Run your own TTS model (Using Griffin-Lim Vocoder)

tts --text "Text for TTS" \
    --model_path path/to/model.pth.tar \
    --config_path path/to/config.json \
    --out_path output/path/speech.wav

Run your own TTS and Vocoder models

tts --text "Text for TTS" \
    --model_path path/to/config.json \
    --config_path path/to/model.pth.tar \
    --out_path output/path/speech.wav \
    --vocoder_path path/to/vocoder.pth.tar \
    --vocoder_config_path path/to/vocoder_config.json

Note: You can use ./TTS/bin/synthesize.py if you prefer running tts from the TTS project folder.

Example: Training and Fine-tuning LJ-Speech Dataset

Here you can find a CoLab notebook for a hands-on example, training LJSpeech.

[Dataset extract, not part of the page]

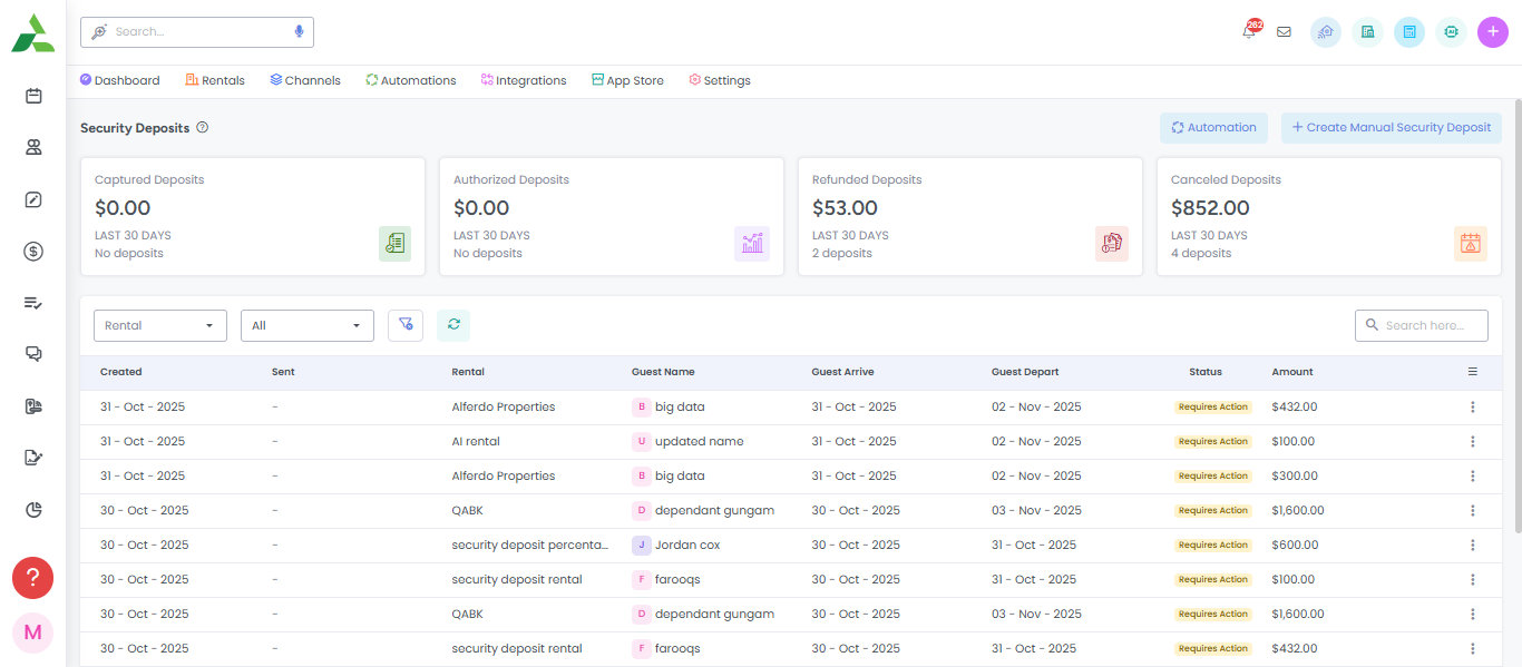 Here, you will see stats from the last 30 days, a list of existing security deposits, along with the option to create a new deposit or security deposit Automation.

Or you can manually follow the guideline below.

To start with, split metadata.csv into train and validation subsets respectively metadata_train.csv and metadata_val.csv. Note that for text-to-speech, validation performance might be misleading since the loss value does not directly measure the voice quality to the human ear and it also does not measure the attention module performance. Therefore, running the model with new sentences and listening to the results is the best way to go.

shuf metadata.csv > metadata_shuf.csv
head -n 12000 metadata_shuf.csv > metadata_train.csv
tail -n 1100 metadata_shuf.csv > metadata_val.csv

To train a new model, you need to define your own config.json to define model details, trainin configuration and more (check the examples). Then call the corressponding train script.

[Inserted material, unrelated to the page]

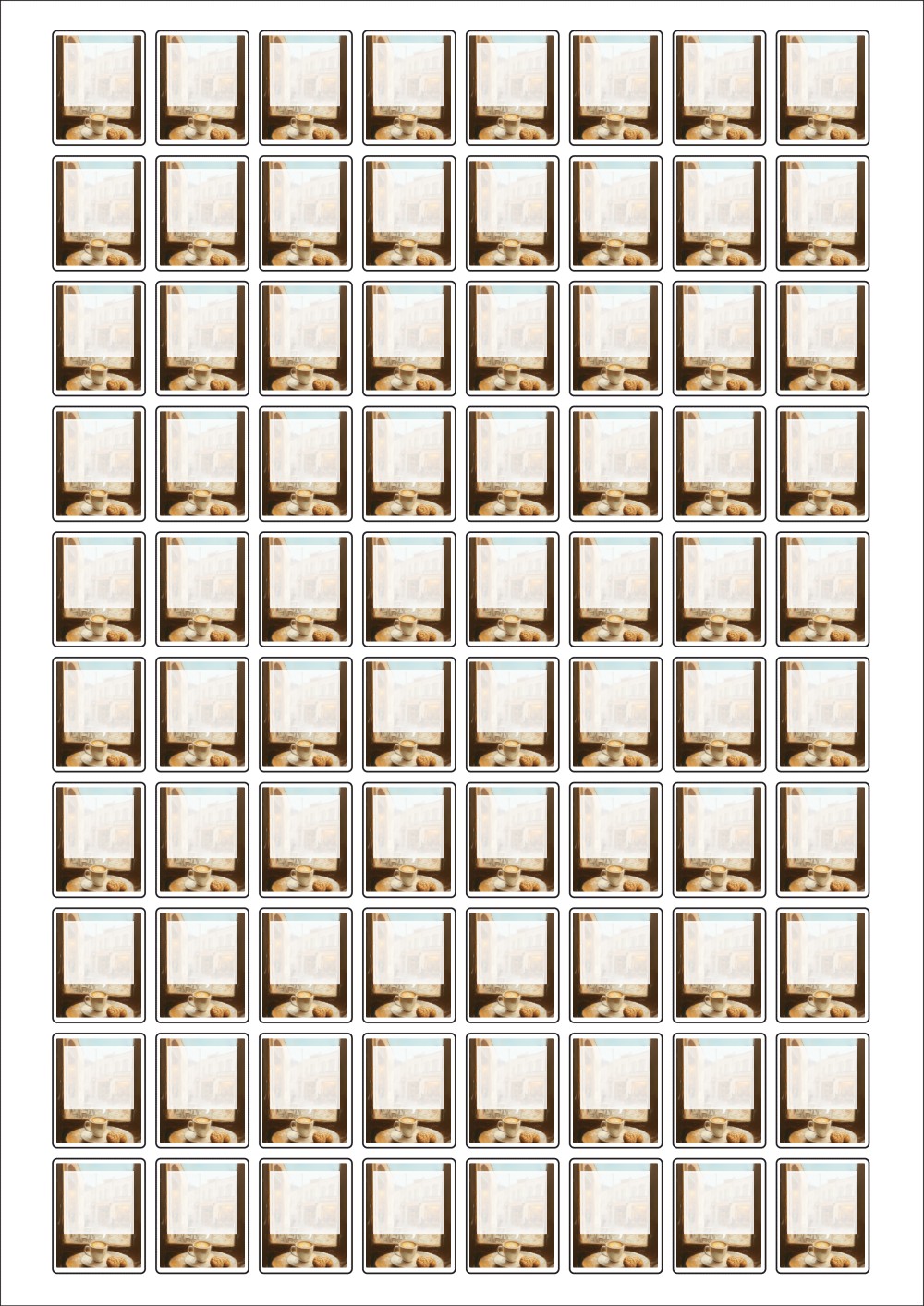 디자인된 A4 라벨지 출력용 라벨스티커, 규격코드: 280, 디자인코드: DA1479(레트로 감성 카페에서), 21 x 26 (mm)

For instance, in order to train a tacotron or tacotron2 model on LJSpeech dataset, follow these steps.

python TTS/bin/train_tacotron.py --config_path TTS/tts/configs/config.json

To fine-tune a model, use --restore_path.

python TTS/bin/train_tacotron.py --config_path TTS/tts/configs/config.json --restore_path /path/to/your/model.pth.tar

To continue an old training run, use --continue_path.

python TTS/bin/train_tacotron.py --continue_path /path/to/your/run_folder/

For multi-GPU training, call distribute.py. It runs any provided train script in multi-GPU setting.

CUDA_VISIBLE_DEVICES="0,1,4" python TTS/bin/distribute.py --script train_tacotron.py --config_path TTS/tts/configs/config.json

Each run creates a new output folder accomodating used config.json, model checkpoints and tensorboard logs.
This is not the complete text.